What the task requires
Repeat each entry exactly and drop the pictures.

Excerpts from a dataset
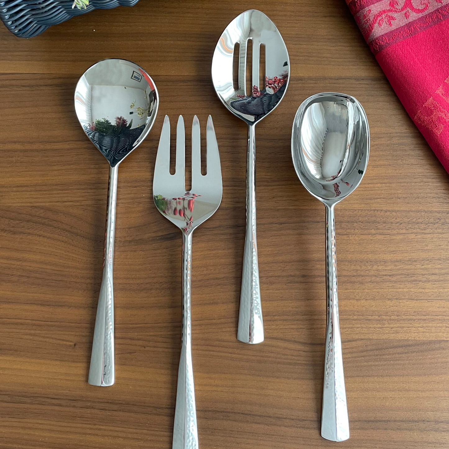 Exemplifying superior artisanship, the Alta Garden Vegetable Serving Spoon boasts a sleek design. With its micro hammered handles and highly polished metal, this spoon is a true work of art. Handcrafted and guaranteed for a lifetime of use, it adds refinement to any serving occasion. Transform your fresh salads into a visual feast with this elegant utensil. A must-have for every household, it seamlessly complements any home decor, be it traditional or modern. Designed for effortless entertaining, its understated elegance and graceful feel make it a timeless choice. Elevate your everyday table with any stainless steel serving accessory, such as a fork, spoon, or ladle, all handcrafted and guaranteed for a lifetime of use. Plus, they are dishwasher safe and require no polishing, making them the perfect wedding gift.
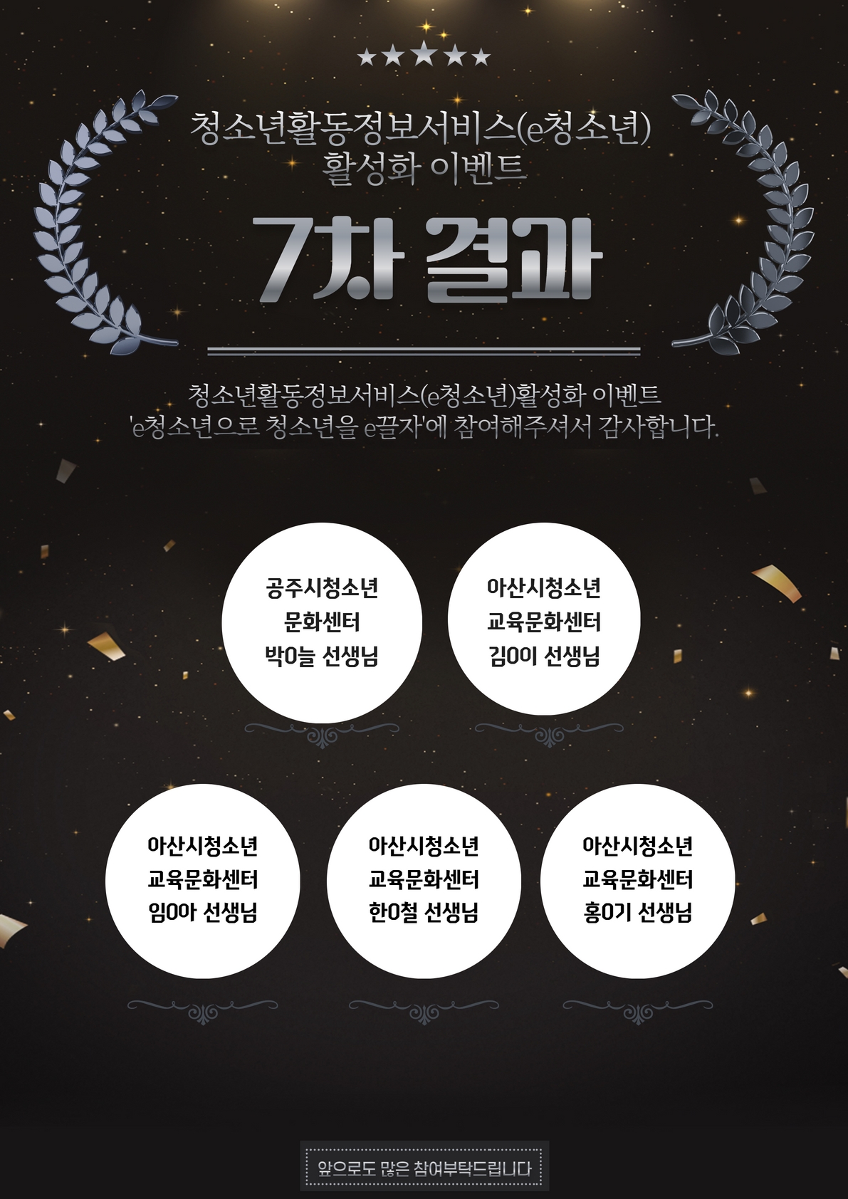 [안내] 청소년활동정보서비스(e청소년) 7차 이벤트 결과 2042 | 활동진흥센터 | 2022-12-06 안녕하세요. 활동진흥센터입니다 !어느덧 마지막 이벤트 결과를 발표하게 되었습니다.선정되신 선생님들께는 개별 연락 드릴예정입니다.그동안 청소년활동정보서비스(e청소년)에 많은 관심 주셔서 감사드리며, 앞으로도 e청소년을 통해 청소년들에게 다양한 정보 제공 부탁드립니다 ! ( •̀ ω •́ )✧남은 연말도 행복하시길 바라고, 눈길 이동 조심하세요.감사합니다.
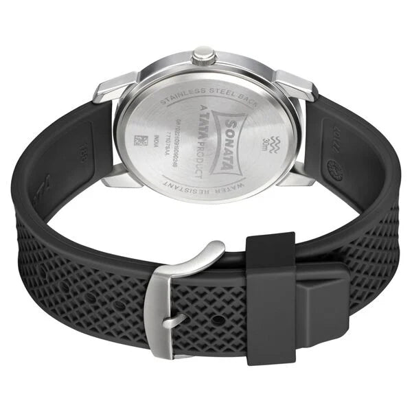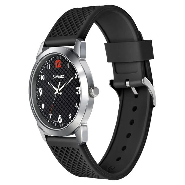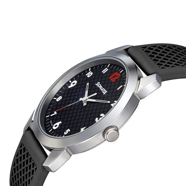 Sonata Smart Plaid Quartz Analog Black Dial TPU Strap Watch for Men np77107sp02w
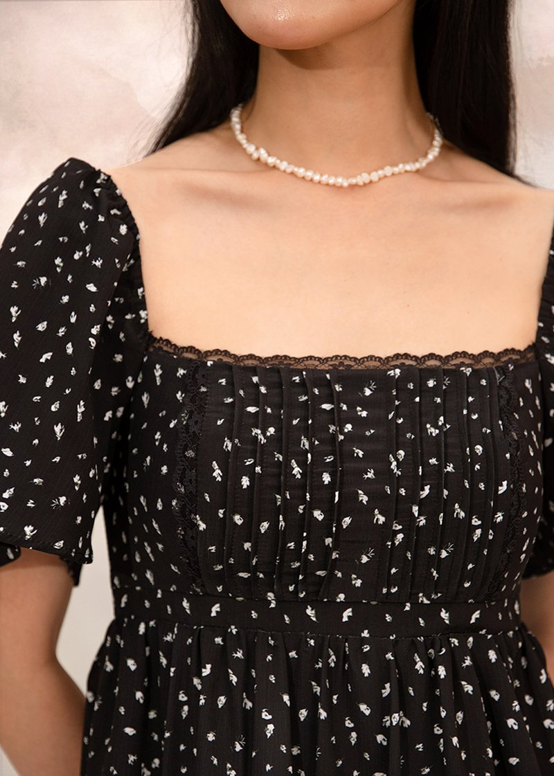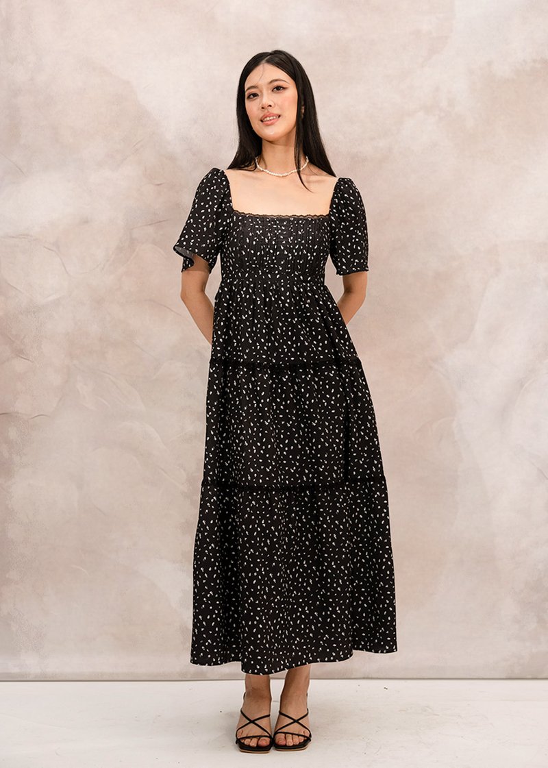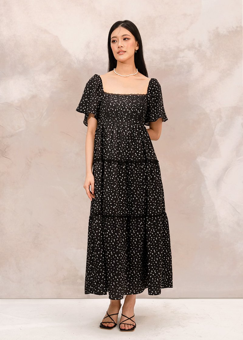 *Features a midi tiered dress with lace details on the 2 tiers, designed with flutter sleeves, pleats lace details on the bust, lace trimmings on the bust line, a smocked back and concealed back zipper
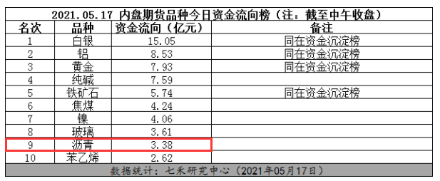 今日(5月17日)国内商品期货收盘走势分化,沥青主力合约涨停,收盘,报3254元/吨,上涨240元,涨幅为7.96%,该合约成交量为736479手,持仓量为194363手。
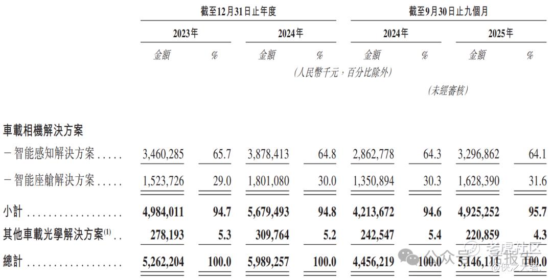 公司收入主要来自车载光学相关解决方案,重大部分来自车载相机解决方案,2023年及2024年该类业务占总营收比例均超90%,其他车载光学解决方案营收占比小。
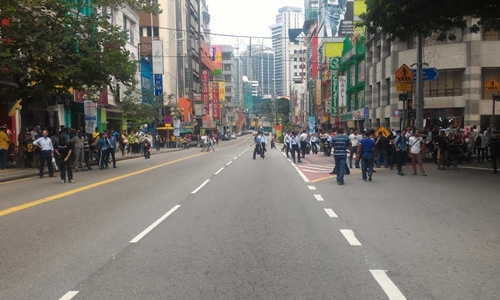 இதனிடையே, போலீசார் துவாங்கு அப்துல் ரஹ்மான் சாலையை மூடியுள்ளனர். அங்கிருந்த பொதுமக்களிடம் உடனடியாக இடத்தைக் காலி செய்யுமாறு கூறப்பட்டது. மீறுவோர் கைது செய்யப்படுவார்கள் என்றும் எச்சரிக்கப்பட்டது.
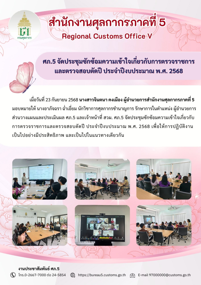 ศภ.5 จัดประชุมซักซ้อมความเข้าใจเกี่ยวกับการตรวจราชการ และตรวจสอบตัดปี ประจำปีงบประมาณ พ.ศ. 2568
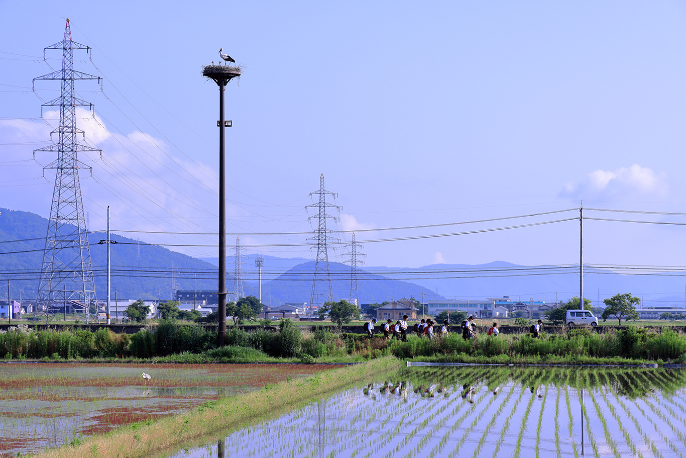 - 散歩や通学など地域の生活行動とコウノトリとが共生している典型的な風景です。

Finished exercise
 Exemplifying superior artisanship, the Alta Garden Vegetable Serving Spoon boasts a sleek design. With its micro hammered handles and highly polished metal, this spoon is a true work of art. Handcrafted and guaranteed for a lifetime of use, it adds refinement to any serving occasion. Transform your fresh salads into a visual feast with this elegant utensil. A must-have for every household, it seamlessly complements any home decor, be it traditional or modern. Designed for effortless entertaining, its understated elegance and graceful feel make it a timeless choice. Elevate your everyday table with any stainless steel serving accessory, such as a fork, spoon, or ladle, all handcrafted and guaranteed for a lifetime of use. Plus, they are dishwasher safe and require no polishing, making them the perfect wedding gift.
 [안내] 청소년활동정보서비스(e청소년) 7차 이벤트 결과 2042 | 활동진흥센터 | 2022-12-06 안녕하세요. 활동진흥센터입니다 !어느덧 마지막 이벤트 결과를 발표하게 되었습니다.선정되신 선생님들께는 개별 연락 드릴예정입니다.그동안 청소년활동정보서비스(e청소년)에 많은 관심 주셔서 감사드리며, 앞으로도 e청소년을 통해 청소년들에게 다양한 정보 제공 부탁드립니다 ! ( •̀ ω •́ )✧남은 연말도 행복하시길 바라고, 눈길 이동 조심하세요.감사합니다.
 Sonata Smart Plaid Quartz Analog Black Dial TPU Strap Watch for Men np77107sp02w
 *Features a midi tiered dress with lace details on the 2 tiers, designed with flutter sleeves, pleats lace details on the bust, lace trimmings on the bust line, a smocked back and concealed back zipper
 今日(5月17日)国内商品期货收盘走势分化,沥青主力合约涨停,收盘,报3254元/吨,上涨240元,涨幅为7.96%,该合约成交量为736479手,持仓量为194363手。
 公司收入主要来自车载光学相关解决方案,重大部分来自车载相机解决方案,2023年及2024年该类业务占总营收比例均超90%,其他车载光学解决方案营收占比小。
 இதனிடையே, போலீசார் துவாங்கு அப்துல் ரஹ்மான் சாலையை மூடியுள்ளனர். அங்கிருந்த பொதுமக்களிடம் உடனடியாக இடத்தைக் காலி செய்யுமாறு கூறப்பட்டது. மீறுவோர் கைது செய்யப்படுவார்கள் என்றும் எச்சரிக்கப்பட்டது.
 ศภ.5 จัดประชุมซักซ้อมความเข้าใจเกี่ยวกับการตรวจราชการ และตรวจสอบตัดปี ประจำปีงบประมาณ พ.ศ. 2568
 - 散歩や通学など地域の生活行動とコウノトリとが共生している典型的な風景です。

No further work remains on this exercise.